BEGIN

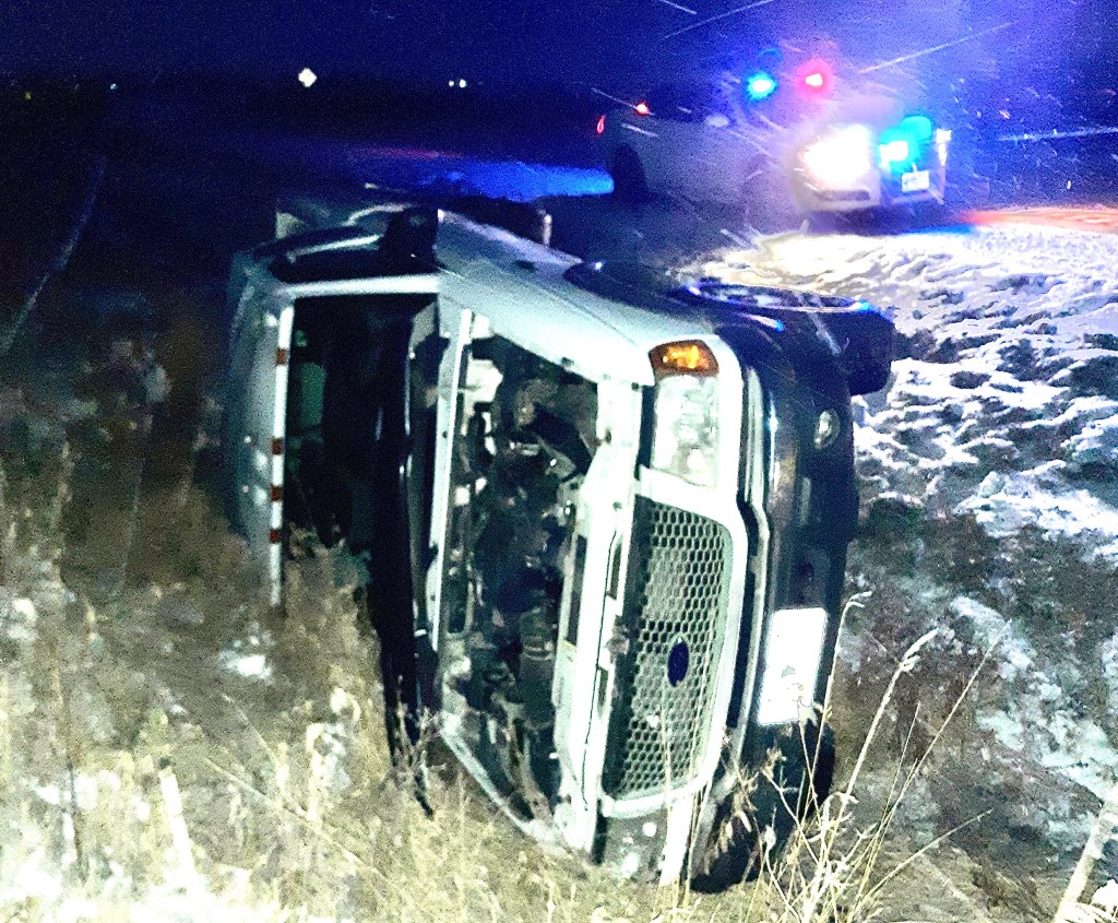 On Friday, Nov. 18, just before 6 a.m., a white Ford Ranger was traveling west on Golden Road when due to weather conditions the vehicle lost control, crossed the center line, rolled over into the ditch and came to rest on its side. No injuries were reported and vehicle was towed from the scene. Snow was falling at the time of the crash. The accident remains under investigation.
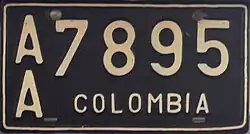 Particular | Particular | 1972-1990 | preto sobre branco | AB 1234 | COLOMBIA é gravado na parte inferior da placa
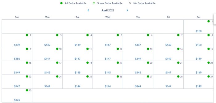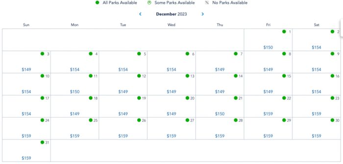 In December of 2023, we see a slight change. Fridays through Sundays range from $149-$159 still, but the weekdays leading up to the week of Christmas have increased, now being between the range of $149-$154. The week of Christmas is still at $159 through New Year’s Eve.
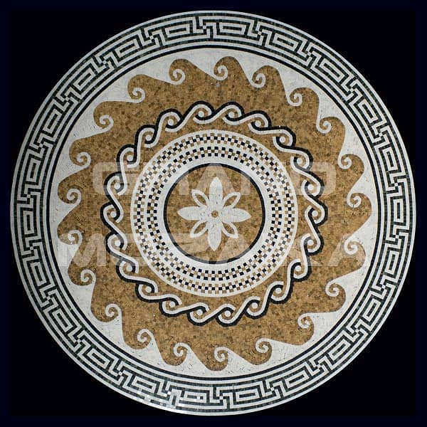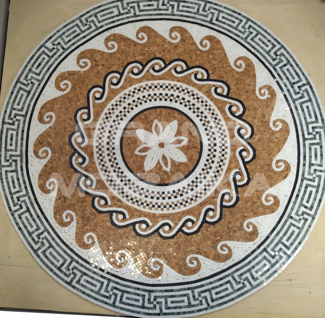 Мозаичные розоны NATURAL выложены из мрамора различных цветов.Панно круглой формы диаметром 1000 мм. Его можно использовать в интерьере как на стене, потолке или полу, как и любая мозаика она необычайно прочна. Такой ковер не оставит никого равнодушным и прослужит многие годы, не потеряв первоначальных свойств.
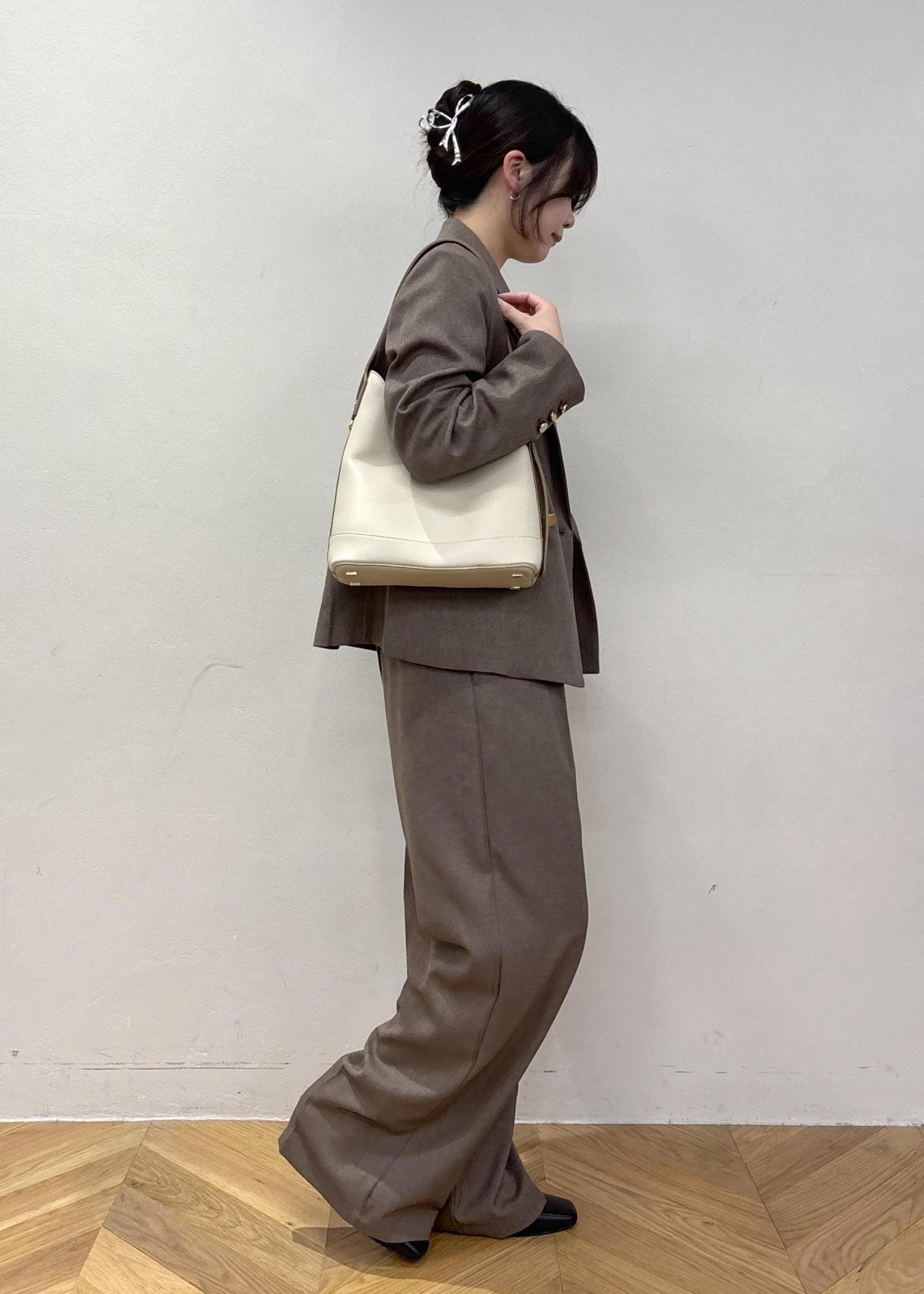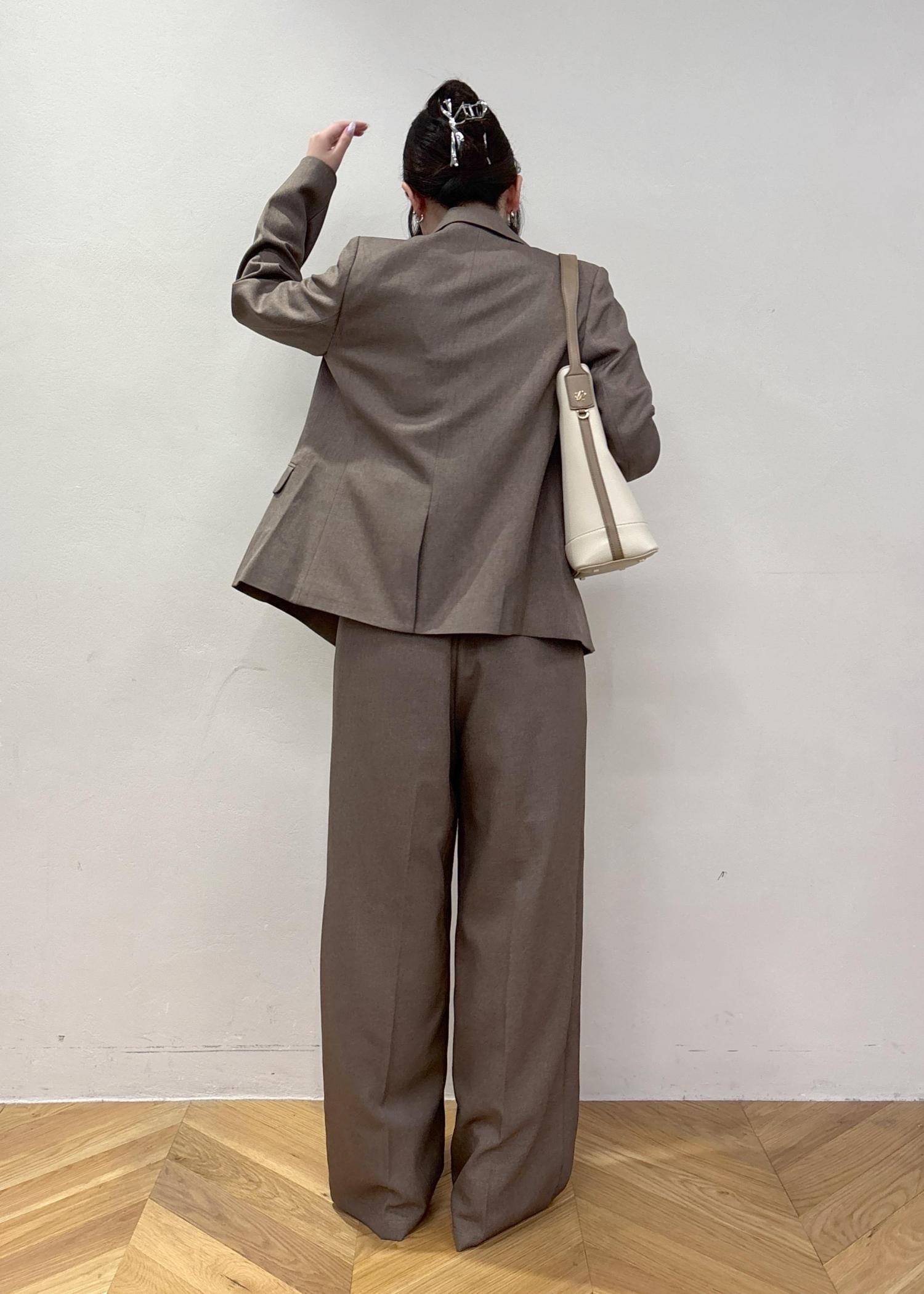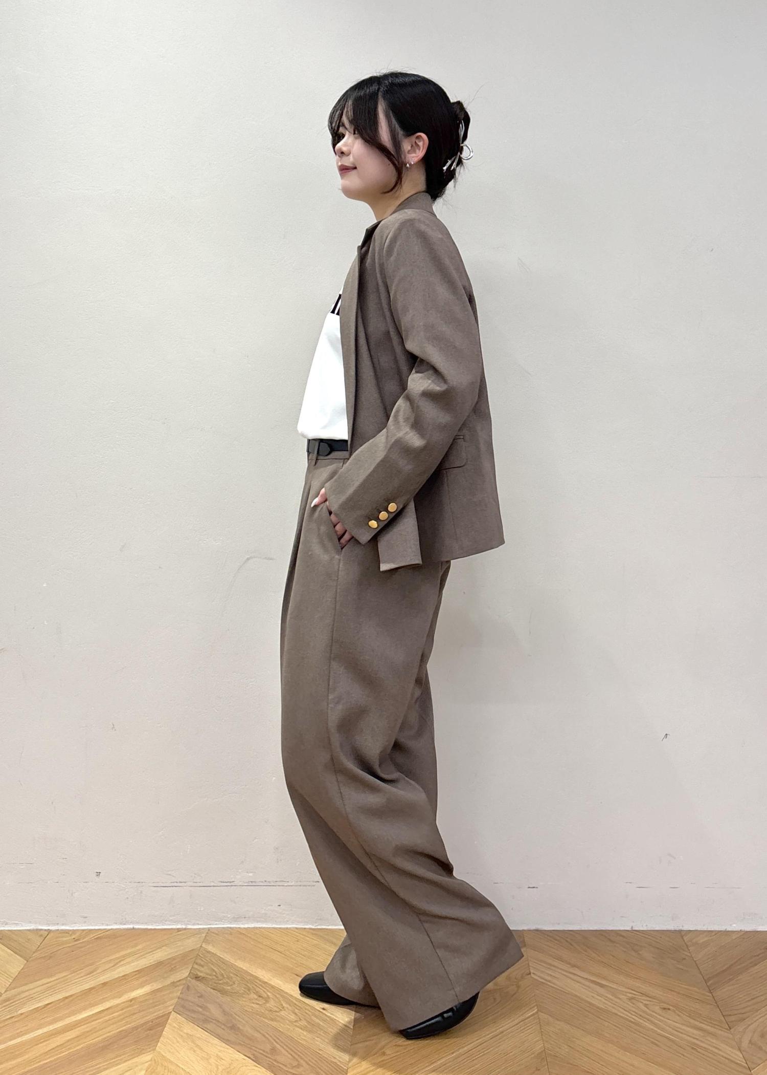 柔らかなブラウンカラーが今年らしいセットアップ。オフィスづかいにもオススメです。
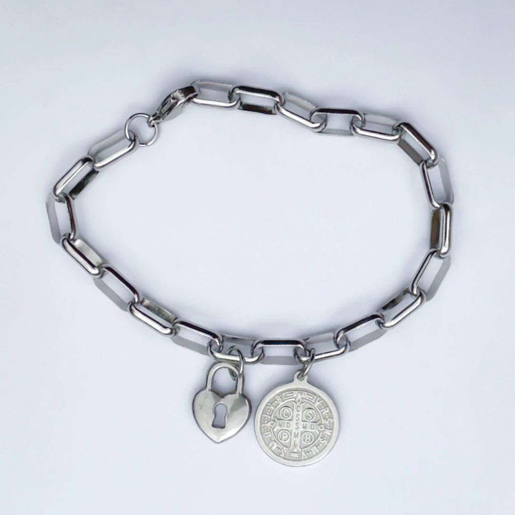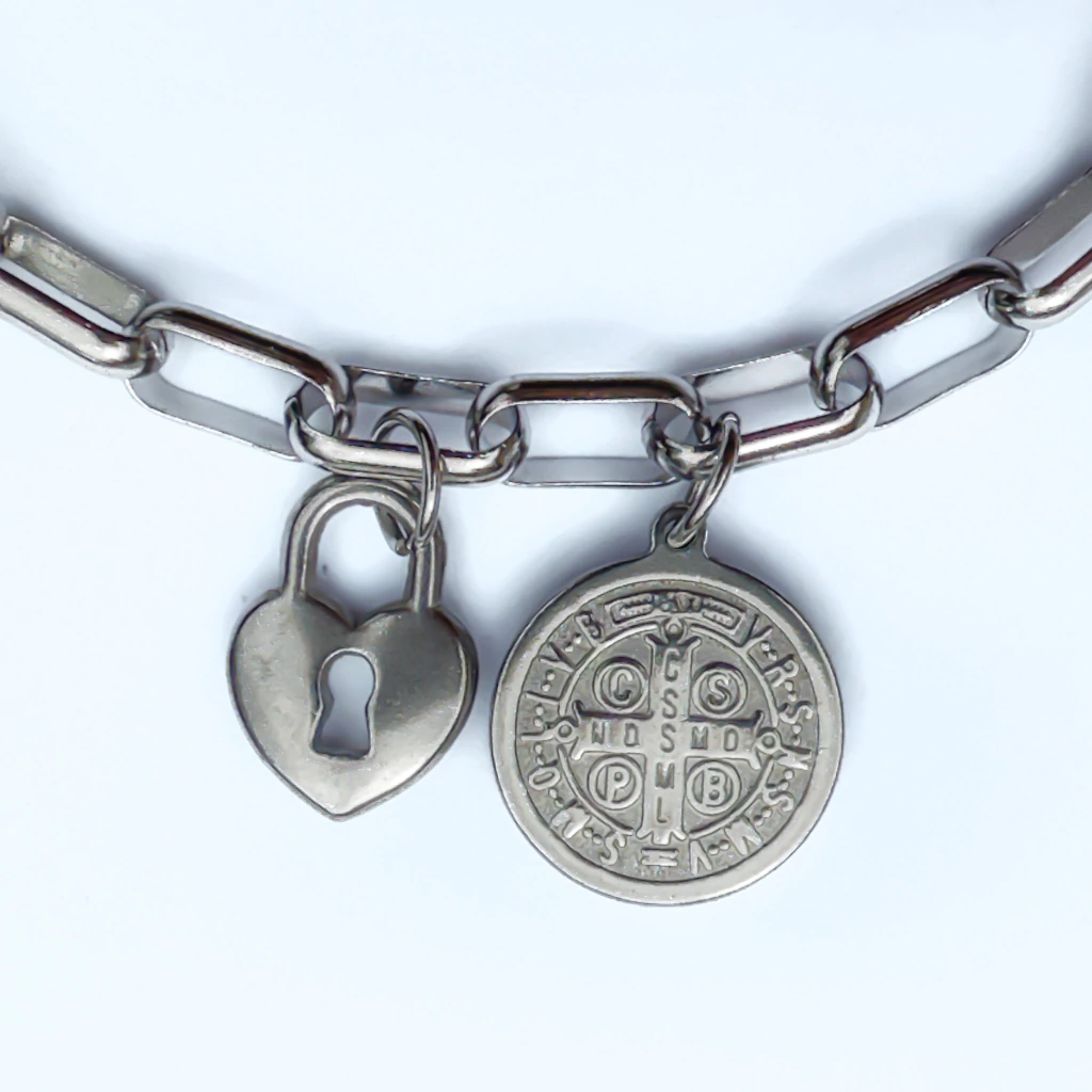 Por último, mas não menos importante. Como São Luís G. de M. fala sobre um sinal externo de sua consagração a Santa Mãe de Deus, enviaremos também uma linda Pulseira prateada de Aço Inoxidável com uma preciosa Medalha de São Bento e cadeado para que você tenha um excelente material que não irá ficar "preto" (ou seja, não oxidará) e poderá ter como um instrumento de apostolado para todos os que ficarem curiosos ao ver que você carrega uma corrente como um verdadeiro escravo em pleno Século XXI, o que abre diversas oportunidades para explicar um pouco sobre a Consagração a Nossa Senhora a diversas pessoas que ficam curiosas com esse simbolo exterior e por uma simples curiosidade em breve conhecerão a devoção super excelente a Mãe de Deus, através de um escravo fiel (você)!

END

*REQUIREMENT:*
Begin at the line containing "Particular | Particular" and extract every line through the end of the records, inclusive, exactly and only; omit pictures.

*ANSWER SECTION:*
 Particular | Particular | 1972-1990 | preto sobre branco | AB 1234 | COLOMBIA é gravado na parte inferior da placa
 In December of 2023, we see a slight change. Fridays through Sundays range from $149-$159 still, but the weekdays leading up to the week of Christmas have increased, now being between the range of $149-$154. The week of Christmas is still at $159 through New Year’s Eve.
 Мозаичные розоны NATURAL выложены из мрамора различных цветов.Панно круглой формы диаметром 1000 мм. Его можно использовать в интерьере как на стене, потолке или полу, как и любая мозаика она необычайно прочна. Такой ковер не оставит никого равнодушным и прослужит многие годы, не потеряв первоначальных свойств.
 柔らかなブラウンカラーが今年らしいセットアップ。オフィスづかいにもオススメです。
 Por último, mas não menos importante. Como São Luís G. de M. fala sobre um sinal externo de sua consagração a Santa Mãe de Deus, enviaremos também uma linda Pulseira prateada de Aço Inoxidável com uma preciosa Medalha de São Bento e cadeado para que você tenha um excelente material que não irá ficar "preto" (ou seja, não oxidará) e poderá ter como um instrumento de apostolado para todos os que ficarem curiosos ao ver que você carrega uma corrente como um verdadeiro escravo em pleno Século XXI, o que abre diversas oportunidades para explicar um pouco sobre a Consagração a Nossa Senhora a diversas pessoas que ficam curiosas com esse simbolo exterior e por uma simples curiosidade em breve conhecerão a devoção super excelente a Mãe de Deus, através de um escravo fiel (você)!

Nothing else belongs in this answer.